Не перечисляя несомненных ошибок Павла I по борьбе его с книгой, по чрезмерной регламентации жизни обывателя и т. п., а также, не вдаваясь вообще в оценку царствования Павла Петровича, необходимо, однако, иметь в виду, что многочисленные и влиятельные участники заговора не жалели темных красок, дабы оправдать свое злодеяние и представить его патриотическим подвигом. — Во всяком случае, многие обвинения, сведенные на голову «свирепого и сумасбродного тирана», а также самое сумасшествие его, остаются пока еще недостаточно обоснованными. С несомненностью можно считать установленным его несдержанность, раздражительность, припадки гнева, нетерпеливую требовательность, вспыльчивость, чрезмерную поспешность в принятии решений, подозрительность. Не следует также забывать, что его царствование началось освобождением Новикова из крепости, возвращением Радищева из Сибири, снятием надзора с П. В. Лопухина и т. п. Павел Петрович, как указывают беспристрастные свидетели, обладал немалыми прекрасными качествами, стремился к облегчению участи народа, преследовал лихоимство, высоко ценил правду, боролся с дефицитами царствования северной Семирамиды, хотел, чтобы сенат, превратившийся в «берлогу кляузничества», вновь стал храмом правосудия, преследовал произвол командиров, приказал переплавить в монету пуды придворного серебра и сжег миллионы ассигнаций... Он многих сослал, но никого не казнил. Нельзя упускать из вида, наконец, что граф Пален, облеченный полным доверием Павла Петровича, злобно пользовался всякой его вспышкой и безжалостно приводил в исполнение порывистые его приказания, способствовавшие раздражению общества против Монарха, тогда как Государь, остыв от гнева и познав свою ошибку, всегда был готов исправить ее. «Адская махинация графа Палена тем легче приводилась в действие, что Павел заперся в Михайловском замке».
«Ночь с 11 на 12 марта 1801 г. преобразила судьбы России. Мрачные её тайны возвели на престол молодого Монарха», — как писал барон М. А. Корф. Так как Великому Князю Александру было известно, что в эту ночь отцу его будет предложено отречение от престола, то, взволнованный разнообразными чувствами, он не раздеваясь бросился на постель. По рассказам одних современников, Александр беспрестанно рвался идти на помощь к отцу, но офицеры, с генералом Уваровым во главе, загораживали ему путь. В начале первого часа раздался стук в его дверь.
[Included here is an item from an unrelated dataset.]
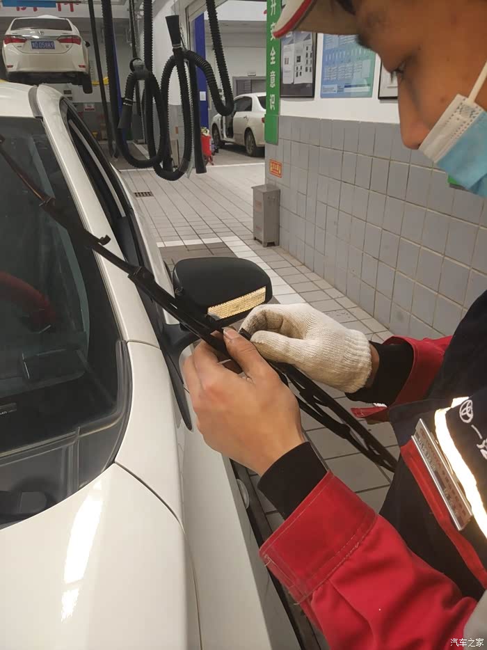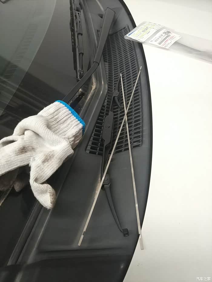 一般更换雨刮片都是整体更换,但是丰田设计的是更换雨刮胶条,因为一般情况下,雨刮片的骨架是不会坏的,损坏的只能是橡胶,把雨刮片从拨杆上面取下来。

На пороге появился всклокоченный граф Николай Зубов, с диким, блуждающим взглядом и глухим голосом проговорил: «Все совершено». — «Что такое? Что совершено?» — спросил с испугом Александр, плохо вообще слышавший, а на этот раз и не понявший слов Зубова. Александр дал свое согласие на переворот, при условии, что его отцу не будет угрожать опасность. Александр упорно настаивал, чтобы не лишать отца его жизни. «Хотя заговорщики и обещали не убивать, но, — пишет в своих записках А. Н. Вельяминов-Зернов, — он должен был предвидеть, что лишить самодержавного государя престола, оставя ему жизнь, дело немыслимое». Другой современник — Фонвизин — прибавляет «по неопытности, Великий Князь почитал возможным сохранить отцу жизнь, отняв у него корону».
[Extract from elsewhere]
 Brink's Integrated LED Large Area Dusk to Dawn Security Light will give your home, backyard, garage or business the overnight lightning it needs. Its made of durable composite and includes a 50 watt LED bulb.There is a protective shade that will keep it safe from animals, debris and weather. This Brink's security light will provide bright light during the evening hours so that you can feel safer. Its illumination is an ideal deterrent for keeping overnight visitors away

Императрица-мать заявила, что не признает нового Императора, пока не увидит труп своего царственного супруга. Императрице и Наследнику престола пришлось одновременно впервые увидеть обезображенное тело Павла I. Александр Павлович был поражен и стоял в немом оцепенении. В это время Императрица-мать обернулась к сыну и сказала: «Теперь вас поздравляю — вы Император». Александр, как сноп, свалился без чувств.
Когда граф Пален явился к новому Императору Александру, то также застал его одетым. При донесении ему о происшедшем, Александр сказал Палену: — «Monsieur, quelle page dans l’histoire». (Какая это печальная страница в истории).
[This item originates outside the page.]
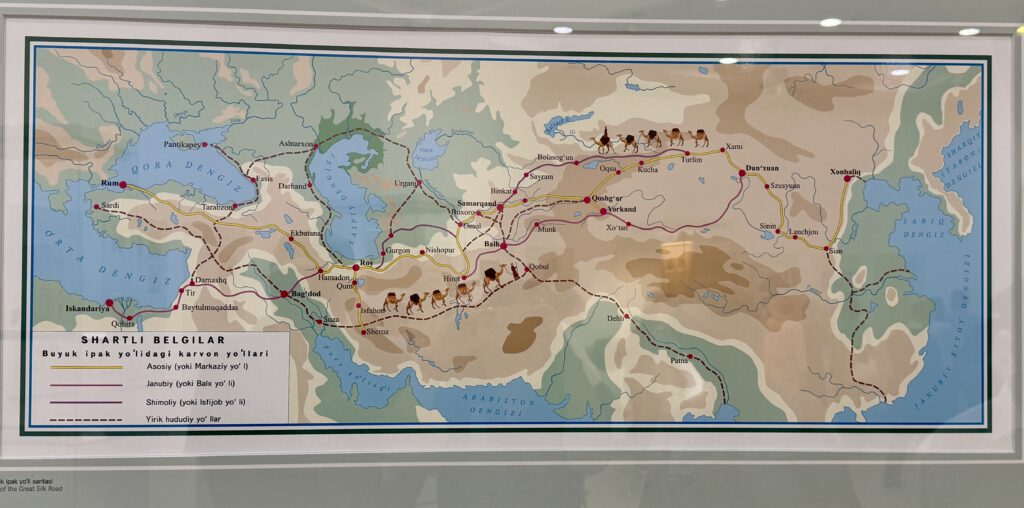 Seidenstraße: Man spürt das Erbe der Seidenstraße überall, ob das Essen aus China und dem Balkan, die Gewürze, die Stoffe,  Yurten aus der Mongolei, die Architektur. Usbekistan ist übrigens aauch Teil der neuen Seidenstraße

— Sire! les autres la feront oublier, — ответил Пален. (Государь! Последующие страницы заставят о ней забыть). По сведениям же графа Ланжерона, когда Император Александр предавался в своих покоях отчаянию, явился граф Пален и, взяв его за руку, сказал: «Будет ребячиться! Идите царствовать, покажитесь гвардии».
На другой день Александр посетил очень им любимого графа Стедингка, шведского посланника при нашем дворе, и бросился к нему на шею с восклицанием: «Je suis l’homme le plus malheureus de la terre». (Я самый несчастный из людей).
— Vous devez l’être, sire! — ответил Стедингк. (Да, Государь, Вы действительно должны себя чувствовать так).